Petición de un Vividor a su Pesar

Guy de Maupassant


Cuento


SEÑORES PRESIDENTES DE LOS TRIBUNALES,
SEÑORES MAGISTRADOS,
SEÑORES MIEMBROS DE JURADOS.

Ahora que ya estoy desinteresado del asunto, vista mi edad y mis cabellos blancos, vengo a protestar contra sus juicios, contra la parcialidad indignante de sus decisiones, contra este tipo de galantería ciega que los empuja a pronunciarse siempre a favor de la mujer contra el hombre, cada vez que un asunto amoroso es llevado delante de un tribunal.

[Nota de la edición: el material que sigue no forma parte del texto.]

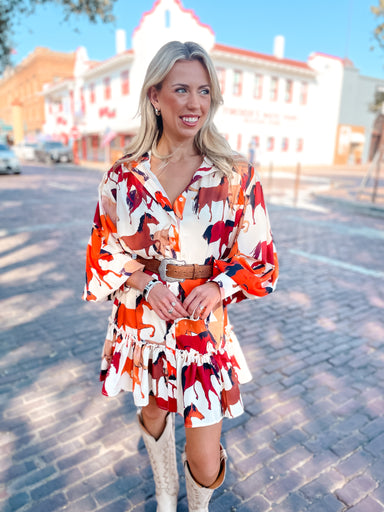 Unleash your inner wild with the Mustang Magic Dress in white! Featuring our best-selling print in a new, playful style, this dress is perfect for ...
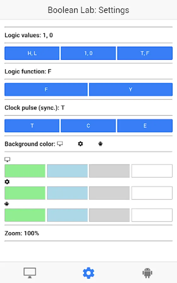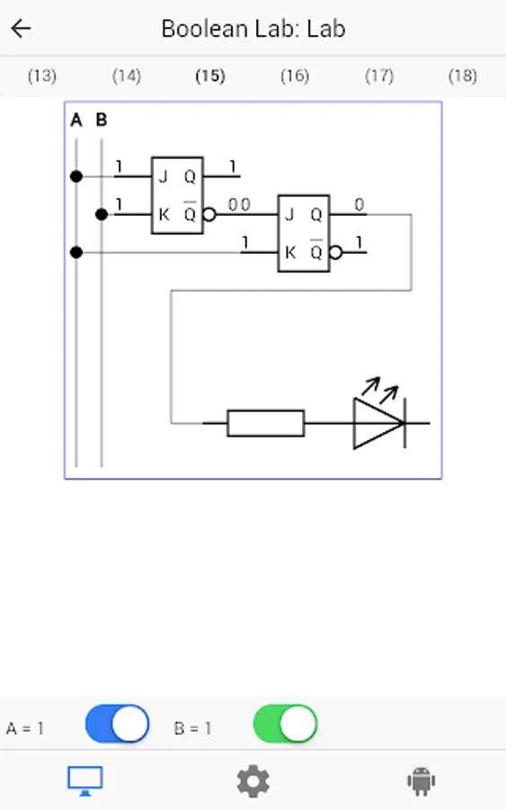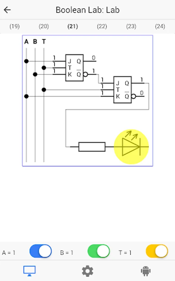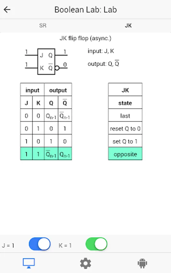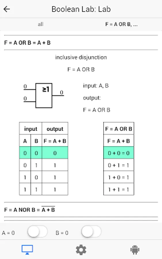 Interactive and visual explanation of the boolean variables, logic functions and their behavior. For each logic function is shown its type, truth table and gate. Everything is interactive - input variables change is immediately reflected in the truth table and on the input(s) and output(s) of gates.

Soy viejo, señores, he amado mucho, o mejor dicho, amado a menudo. Mi pobre corazón maltrecho, se estremece todavía recordando antiguos amores. Y en las tristes noches solitarias en las que la vida pasada no se nos aparece más que como un estado de ilusión finita, donde las lejanas aventuras, marchitas como los tapices desdibujados, nos dan de repente sacudidas de tristeza, y hacen saltar lágrimas dolorosas que se derraman sobre lo irreparable, abro, temblando, una humilde caja de nogal donde yacen mis lamentables prendas de amor, donde ahora duerme mi vida consumada, donde se remueve, cuando allí sumerjo las manos, el polvo muerto de todo lo que he adorado sobre la tierra.

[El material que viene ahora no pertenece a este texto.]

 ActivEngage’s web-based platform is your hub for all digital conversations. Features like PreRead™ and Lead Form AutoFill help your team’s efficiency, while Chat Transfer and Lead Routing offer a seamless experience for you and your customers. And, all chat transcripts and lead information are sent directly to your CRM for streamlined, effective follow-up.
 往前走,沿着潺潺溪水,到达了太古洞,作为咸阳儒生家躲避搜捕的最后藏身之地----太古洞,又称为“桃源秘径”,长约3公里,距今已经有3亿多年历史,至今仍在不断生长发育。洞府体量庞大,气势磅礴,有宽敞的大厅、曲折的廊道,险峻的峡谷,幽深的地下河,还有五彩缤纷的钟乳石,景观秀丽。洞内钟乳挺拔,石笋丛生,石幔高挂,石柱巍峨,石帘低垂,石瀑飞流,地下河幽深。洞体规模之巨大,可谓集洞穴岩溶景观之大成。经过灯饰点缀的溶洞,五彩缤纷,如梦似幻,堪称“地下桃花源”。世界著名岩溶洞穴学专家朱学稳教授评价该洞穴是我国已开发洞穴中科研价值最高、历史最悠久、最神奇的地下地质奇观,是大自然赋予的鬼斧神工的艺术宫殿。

Y sollozo sobre el botín, el fino botín de satén, hoy amarillo, pero que fue blanco y que yo saqué de su pie, en el jardín, aquella noche, para impedirle volver al baile.

Beso los guantes, los cabellos rubios o negros, sus tres ligas de seda y el pañuelo de encaje maculado de sangre, de esa sangre que parece una pálida mancha de herrumbre y de la que un día contaré la historia.

Pero en absoluto pretendo hablarles de esto. Simplemente he querido demostrar que hubo hacia mí muchas... flaquezas —aunque soy el más tímido, el más indeciso, el más dubitativo de los hombres.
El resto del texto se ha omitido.